Seumanutafa began mild, for he was a past master in the art of graduation, and thought to go slow at first. To'oto'o was informed that he had to make ifonga for the death of O and be carried on the morrow by the taulelea to Papalangi Mativa's house behind the bakery. This ifonga, as they call it, is a sort of public humiliation to expiate a fault, and nobody's very keen about doing it unless they have to—for it involves rubbing dirt in your hair, and singing small, and suffering a sort of social eclipse for a week or two afterwards.

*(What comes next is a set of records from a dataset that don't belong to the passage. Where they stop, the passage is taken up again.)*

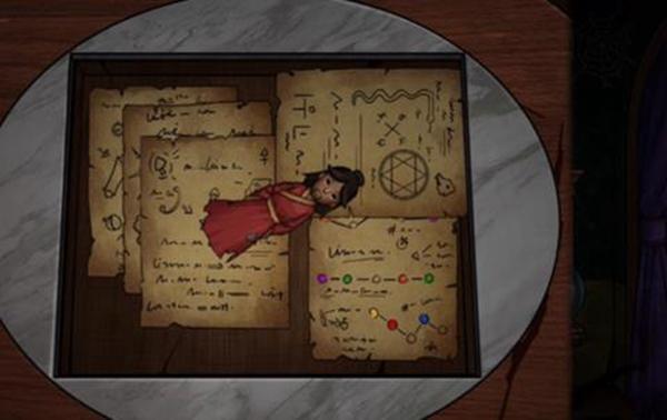 31.向右走,查看桌子上棋盘,完成小游戏,拾取【木偶小人】查看里面的线索纸。
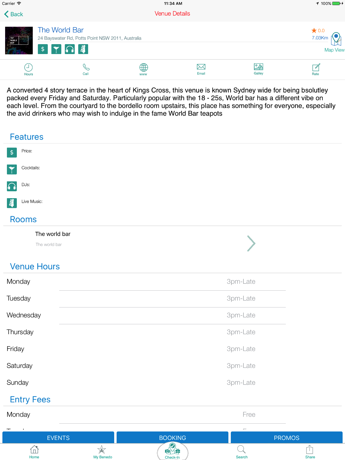 Venue hours Venues has opening hours you can check in the APP if your favorite venue is open for fun. Ipad HELP Ipad Step 1 In Venue Details you can tap on clock icon to check opens hours or you can also tap on rigth arrow for more details Step 2 Here you can see the open hours for the venue
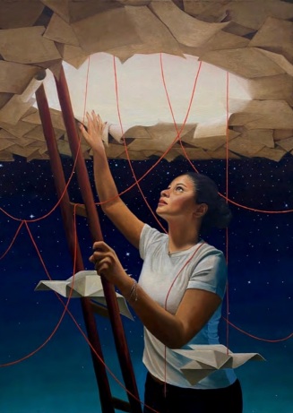 Buland Iqbal’s Untitled captures poised isolation in a sunlit courtyard. Oil brings a woman in a floral blouse and jeans to life on a chair, her expression a mix of resolve and reverie amid brick arches and potted plants. Iqbal explores quiet rebellion: the modern attire against a rustic backdrop symbolizes negotiation between tradition and self. Shadows play across her face, ending in subtle strength, a portrait of becoming, unadorned yet profound. Nabia Gillani’s The Meridian ascends to cosmic aspiration, with a woman scaling a paper ladder under starry voids, red threads anchoring floating sheets. Oil on canvas fuses fragility and ambition: the figure reaches for light amid cardboard clouds, conceiving progress as subtle construction. Gillani ends in transcendent poise, the stars a map of untethered dreams. ‎‎
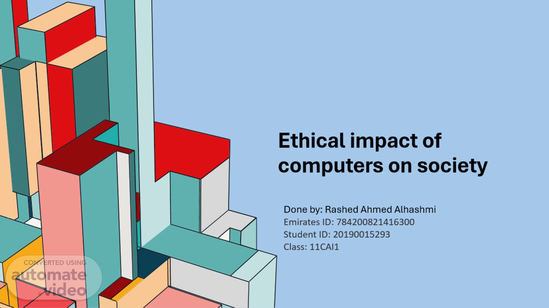 [Audio] Ethical impact of computers on society Done by: Rashed Ahmed Alhashmi Emirates ID: 784200821416300 Student ID: 20190015293 Class: 11CAI1.
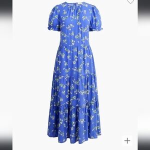 J. Crew Blue Floral Puff Sleeve Tiered Midi Dress Boho Peasant Flowy Beachy L
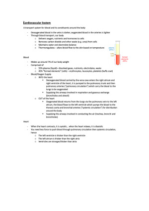 These are detailed and comprehensive lecture notes for PHAR3911, written in alignment with the learning objectives. The notes cover a wide range of topics across the unit including: - Cardiovascular System -Blood and Oxygen Supply -Heart and Cardiac Valves -The Cardiac Cycle and Sounds of the Heart - Wiggers Diagram - Pharmacogenetics of Statins - Pharmacogenomic Testing for Statins - Clinical Implications of Statin Pharmacogenomics - Nutrition and Cardiovascular Health – Fat and Cholesterol - Plant Sterols and Dietary Recommendations - ALSO INCLUDES MANY OTHER TOPICS!!
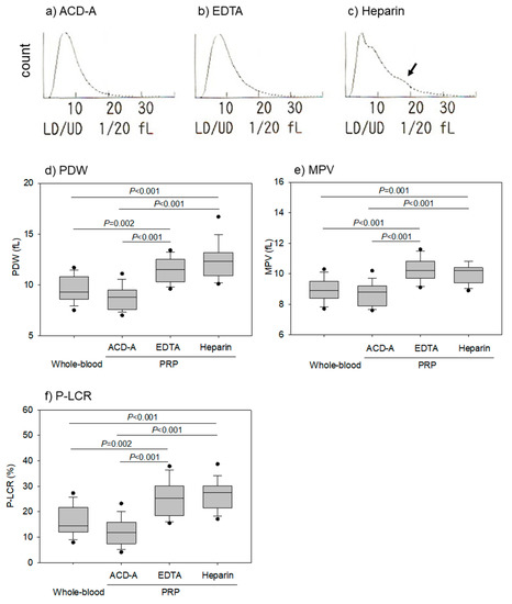 Effects of anticoagulants on platelet size in pure-PRP. Pure-PRP samples were prepared from whole-blood samples stored for 24 h. (a–c) Representative platelet histograms. (d–f) Parameters of platelet size. n = 15. An arrow in panel c represents platelet detected as “large platelet”.
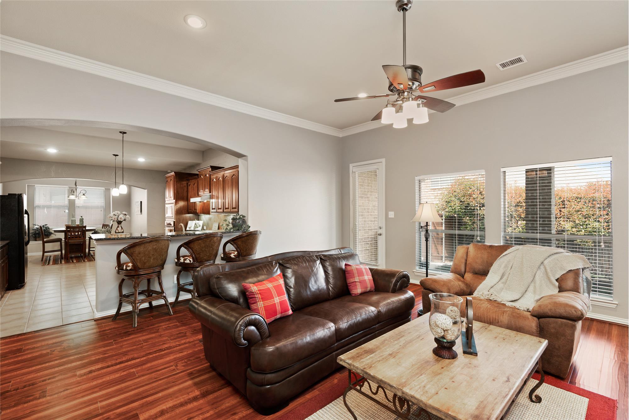Hard to find 1.5 story home with a 3 car garage in Ashwood at Twin Creeks! Gameroom upstairs with full bath could be used as a 5th bedroom. This home is immaculate and ready for move in! Hardwood floors, granite in kitchen, updated interior paint color. Spacious family room with cast stone fireplace. Kitchen is open to family room and includes an island and an abundance of cabinets, gas cooking, stainless appliances. The master is split from other bedrooms. Master bath boasts garden tub, separate shower and large walk in closet. Covered patio in backyard. A short distance from Mary Evans Eleme

To'oto'o's face grew several shades darker at the suggestion, and though I promised him twenty dollars out of hand for himself and two kegs of beef and three tins of biscuit by way of peace offering to Papalangi Mativa, he hemmed and hawed and finally said no.

Then Sasa bore a hand and spoke beautifully of Rosalie, and how this unfortunate business of O's head had divided her from Silver Tongue.

"If thou makest peace with his ainga," said Sasa, "lo, what is there left for the white man to say? His bond is that of marriage; theirs, that of blood; and if the last be satisfied, what room is there for the former to complain?"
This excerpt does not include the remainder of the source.